Is there a reader out there who does not have a To Do list? Surely everyone has one, either written or mental. So tell me, why does this list seem to grow longer every year?

The years are certainly not getting longer. It’s just the projects and chores that seem to escalate. As soon as I enjoy the heady rush of satisfaction in having completed something, crossed through it with a large “DONE” in bold strokes, up pops another TO DO.

My list haunts me waking and sleeping; it is always there, at the back of my conscience.

Not today. Today is a Red Letter Day as far as my list is concerned. Not only have I eliminated one major project, I have crossed through five. Correct: five TO DOs wiped off my page. It has about killed me…and filled me with nostalgia, heartache, pride and maternal joy.

I have just completed scrapbooks for each of my five grown children. (Each lives out of town so I am hoping that not one of them sees this column and spoils their big Christmas surprise.) Many of my friends tell me they did this when their child reached his or her fortieth birthday.

Or when the offspring married and left home. I’m tardy in even thinking “scrapbooking” though I admit the word appeared on that dreaded list nearly three years ago. After weeks of intense sorting, filing, sifting, copying multiple documents and photographs I finally heave a giant sigh of relief and satisfaction.

This was a long process as many of you craft-wise veterans will attest. Buying the correct scrapbooks was the first hurdle. I readily admit to being a novice at the art of scrapbooking and felt as out of place as a rose in Antarctica in the aisles of the craft shop.

Everyone else seemed to know exactly where to locate Lucite page covers, the correct glue, a certain type of SLAB paper and the necessary but oh-so-expensive do-dads that decorate pages. I came home on this first shopping foray with two enormous bags of supplies.

The next day I returned to the same store to exchange everything. I had purchased the correct covers but the wrong pages. On this trip I flagged down a knowledgeable and sympathetic clerk who guided me to perfect scrapbooking techniques and necessary supplies.

Not that my five books are perfect. Hardly that. But they contain more about each of my children than I think even they will want to know. It appears I was a real saver. From immunization records to pre-kindergarten reports to college grades: I tucked everything away in a file.

And the letters! If I tallied up the hours spent completing this project I think I spent more time reading and remembering and giggling than gluing and taping.

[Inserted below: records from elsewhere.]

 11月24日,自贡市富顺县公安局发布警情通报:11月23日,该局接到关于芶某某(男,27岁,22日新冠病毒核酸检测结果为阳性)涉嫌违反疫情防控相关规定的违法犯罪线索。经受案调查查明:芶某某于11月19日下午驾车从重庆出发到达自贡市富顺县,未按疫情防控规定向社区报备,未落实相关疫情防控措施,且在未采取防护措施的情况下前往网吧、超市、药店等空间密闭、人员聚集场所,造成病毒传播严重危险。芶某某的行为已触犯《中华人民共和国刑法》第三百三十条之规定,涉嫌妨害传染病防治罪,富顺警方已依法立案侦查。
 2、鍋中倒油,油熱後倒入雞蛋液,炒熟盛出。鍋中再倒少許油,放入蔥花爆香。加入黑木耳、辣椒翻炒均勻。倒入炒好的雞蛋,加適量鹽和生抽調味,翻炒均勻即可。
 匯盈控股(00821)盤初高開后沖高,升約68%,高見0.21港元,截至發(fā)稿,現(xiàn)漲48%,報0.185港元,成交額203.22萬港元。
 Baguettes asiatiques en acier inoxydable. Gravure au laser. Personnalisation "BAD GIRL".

I had not reviewed each child’s file for years so I delved into them one by one, seeing with fresh eyes the young adult my babies have become. The thunderbolt struck me as I neared completion of this Herculean project. That is, the ambition and accomplishment I now see in my adult offspring was sprouting there as a healthy kernel in those precious early years.

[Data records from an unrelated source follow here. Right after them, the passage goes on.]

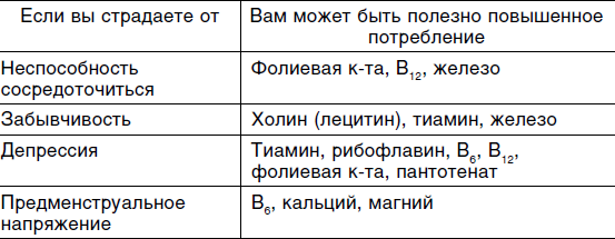 «Витамин В6 необходим для производства серотонина – основного нейротрансмиттера, участвующего во многих функциях организма, – говорит доктор медицины Эрик Брейверман из Принстонского Центра биологии мозга в Скиллмане, штат Нью-Джерси. – Фолаты (производные фолиевой кислоты) помогают вырабатывать катехоламины, которые управляют многими телесными функциями. В12 необходим для производства ацетилхолина, еще одного нейтротрансмиттера. Другими словами, все химические вещества, производимые клетками мозга, зависят от питательных веществ, поглощенных организмом, и во многих случаях они, по-видимому, зависят от определенных витаминов группы В».
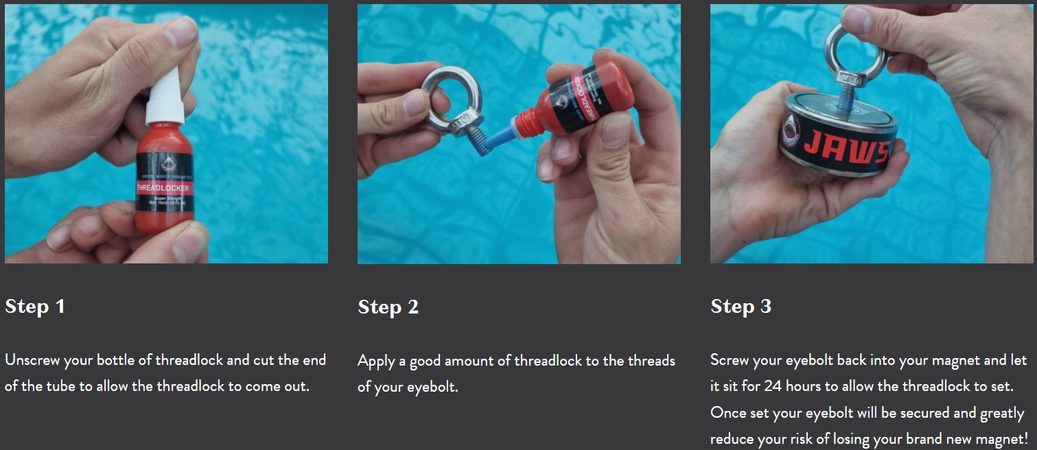 It is critical to threadlock your magnet so that the eyebolt which you tie your rope onto, doesn’t come undone in the water!
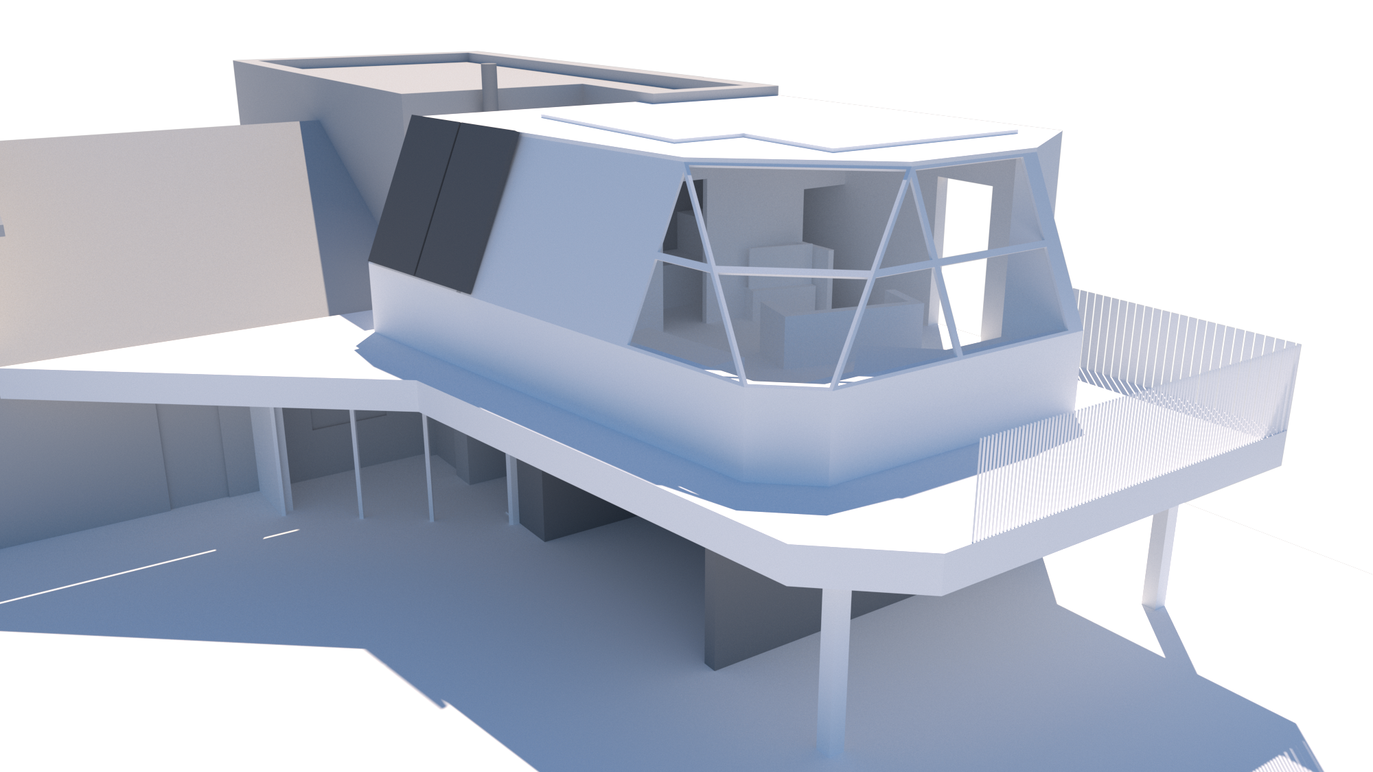 robert a m stern exterior shot die st tzen unten sind aus beton die horizontale plattform ist seitlich mit zink verkleidet der boden davon mit hellen fliesen under der rest des volumens ist in zink zu verkleiden link und hinter vom objekt ist ein bestandgeb ude dies kann in weis dargestellt bleiben architecture

My dominant child is still dominant. The Eagle Scouts exemplify the ideals and ethics they espoused many years ago. The writers in the family put me to shame.

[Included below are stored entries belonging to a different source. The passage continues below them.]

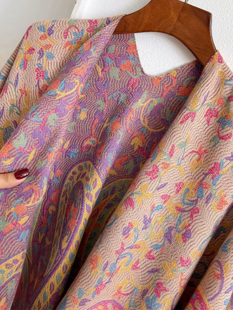 Kvinners vinter etnisk blomsterdusk sjalskjerf
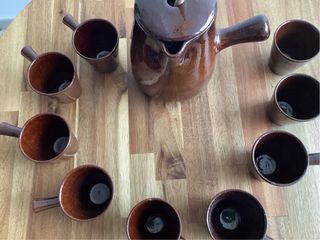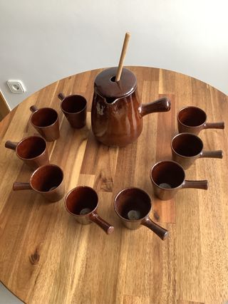 Set di ceramica in marrone scuro, ideale per servire bevande. Include una grande caraffa, diverse tazze abbinate e un cucchiaio.
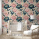 Papier Peint Arômes floraux Or rose bleu sur crème
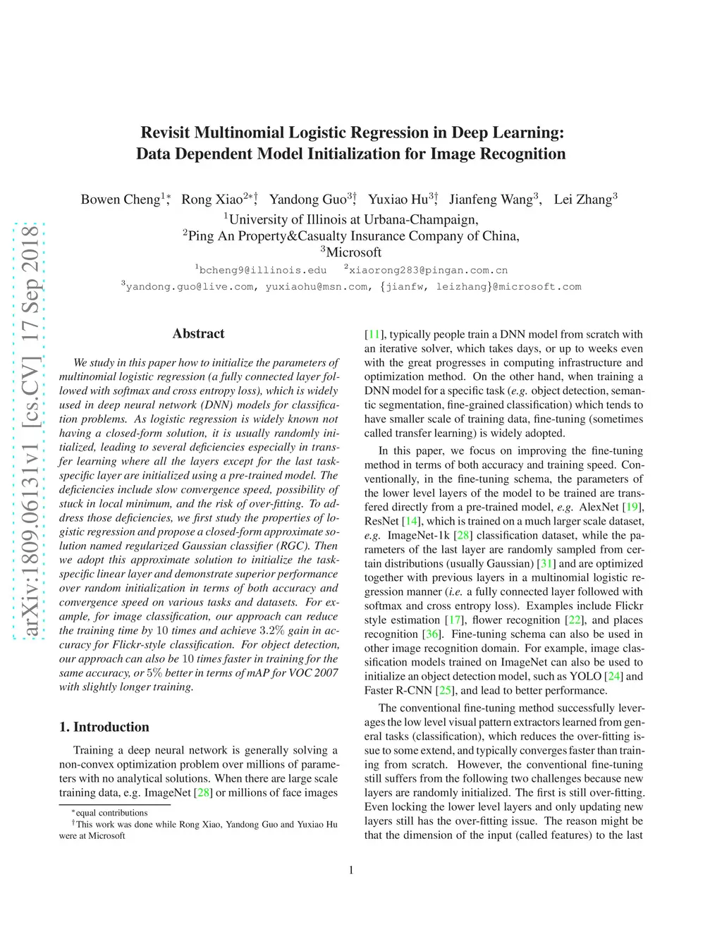 Model Initialization for Image Recognition
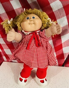 VTG Coleco Cabbage Patch Girl MOLD #3 Dark Blond Blue Eyes Dimple Red Dress
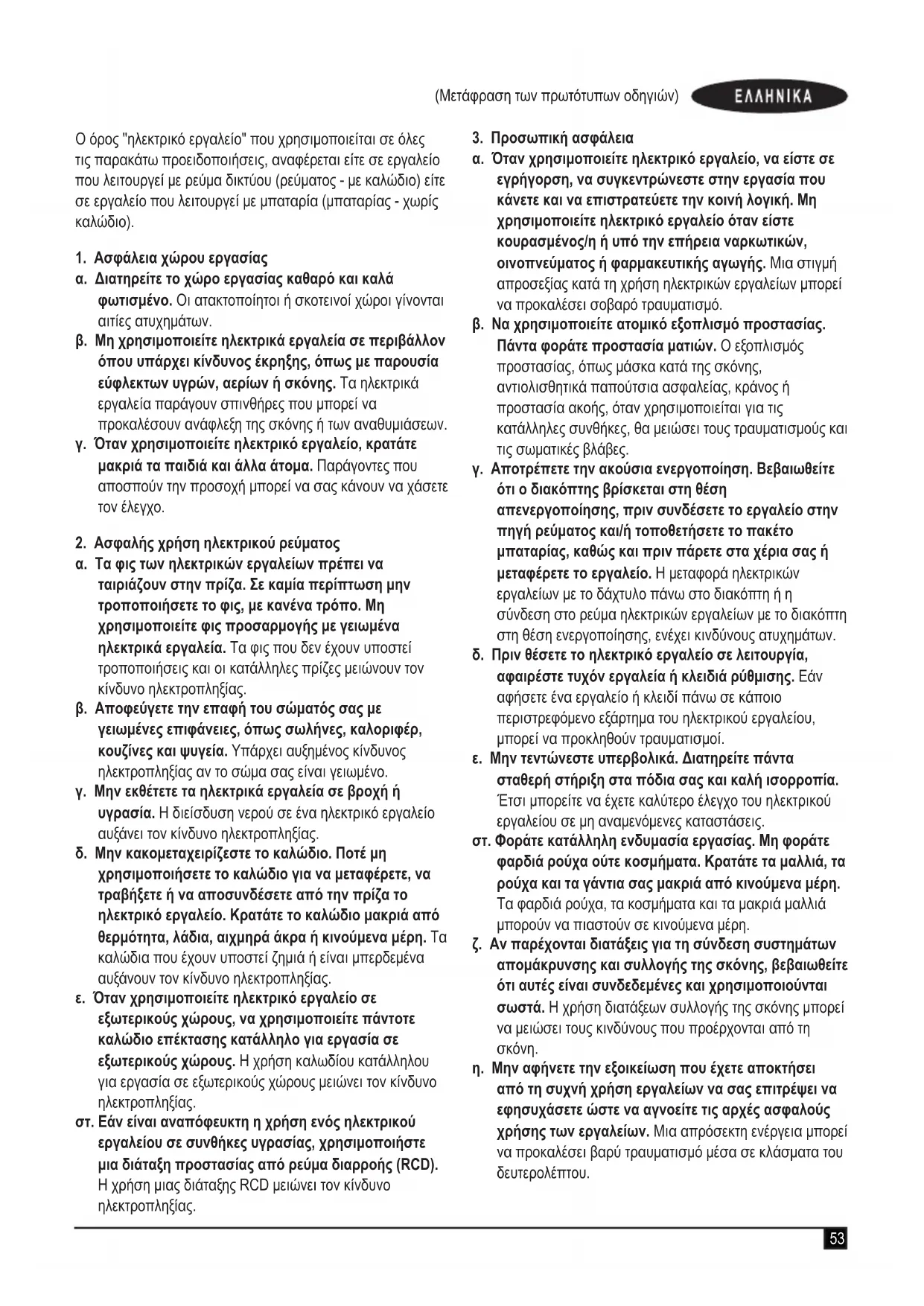 Φυλάξτε όλες τις προειδοποιήσεις και τις οδηγίες για μελλοντική αναφορά.53 (Μετάφραση των πρωτότυπων οδηγιών) Ο όρος "ηλεκτρικό εργαλείο" που χρησιμοποιείται σε όλες τις παρακάτω προειδοποιήσεις, αναφέρεται είτε σε εργαλείο που λειτουργεί με ρεύμα δικτύου (ρεύματος - με καλώδιο) είτε σε εργαλείο που λειτουργεί με μπαταρία (μπαταρίας - χωρίς
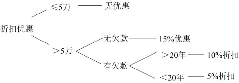 判断树 以某企业销售策略为例构造判断树和判断表。某企业对不同交易额、不同信用的新老客户采取不同的优惠待遇,具体策略是:每年交易额小于等于5万的客户不给优惠;每年的交易额大于5万的客户,如无欠款,给15%的折扣率;如果有欠款,还应考虑客户与本企业的交易时间,交易时间大于等于20年,折扣率10%,小于20年,折扣率5%。
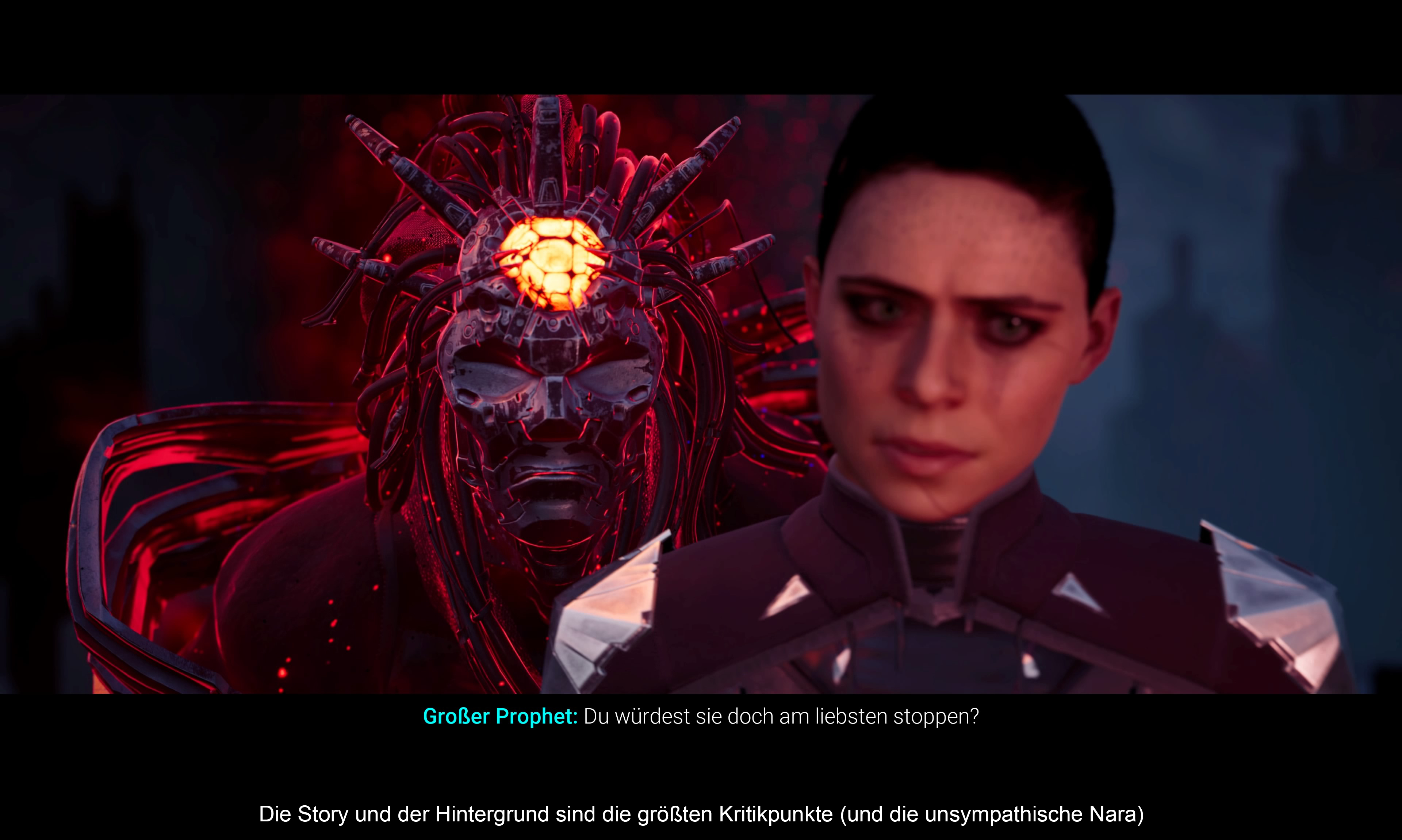 Mein größtes Problem mit dem Spiel ist die Story bzw. der Hintergrund im Allgemeinen. Man kann zwar erahnen, was den Entwicklern vorschwebte, aber der hier präsentierte Weltraum-Horror kann nicht überzeugen. Dazu ist die Geschichte einfach zu doof – ihr habt richtig gelesen, zu doof. Das fängt bei dem Kult an (Stichwort Chorus = Harmonie mit dem Universum), geht mit dem Propheten weiter (das bekommt man schon im Vorspann mit), nervt noch mehr mit esoterischen Unfug wie ausserdimensionalen Emotionen die zu manifestierten Gesichtslosen werden und hört bei der Spielfigur auf. Nara oder Naran (wie sie vorher hieß) ist total unsympathisch und vor allem, man nimmt ihr die Bekehrung (schließlich hat sie Milliarden von Menschen getötet) einfach nicht ab. Dagegen ist ihr Partner in Crime - eine dämonische Schiffs-KI namens „Forsaken“ regelrecht vernünftig. Fragt sich bloß, welcher Schlauberger darauf kam, dass man doch auch Kosenamen verwenden könnte. Eine fremde Entität, welche in einen Schiffsrumpf eingesperrt wurde, spreche ich nicht mit „Forsa“ an. Zwar klärt sich am Ende doch noch etwas auf, aber selbst diese Botschaft (hah, das wird an der Stelle nicht verraten) wirkt wenig überzeugend. Zuviel Hybris, pseudo-religiöses Geschwafel und belehrendes Gesappel vermiesen jeglichen Spannungsaufbau. Wie es richtig geht, zeigt zum Beispiel die „Dead Space“-Reihe. Aber das hier – nein danke.

One child wrote reams of poetry, including limericks. Another has a short story, written at age 8, that should be published today. The artwork was overwhelming. Pictures and letters and certificates have gone into separate and accompanying archival boxes. The scrapbooks that I purchased are large and commodious but at some point there had to be a limit.

The books also hold copies of the family trees of both parents, something I wish I’d had many years ago. The children’s father, deceased for nearly thirty years as I write this, is remembered in each of the books with press clippings, pictures, speeches and letters to his family. I know they, like their mother, will wipe a tear or two as they look through those pages.

As I view this Mount Rushmore of accomplishment and once more sigh with contentment, I feel a tiny wave of sadness creeping into my psyche. Perhaps it is the pleasurable realization that my five are really gone from the nest and for this last brief moment I’ve had them wholly to myself.
Ah, the joys of parenthood: holding on…and letting go.

Barbara Dickinson is an author and freelance writer in the Roanoke Valley.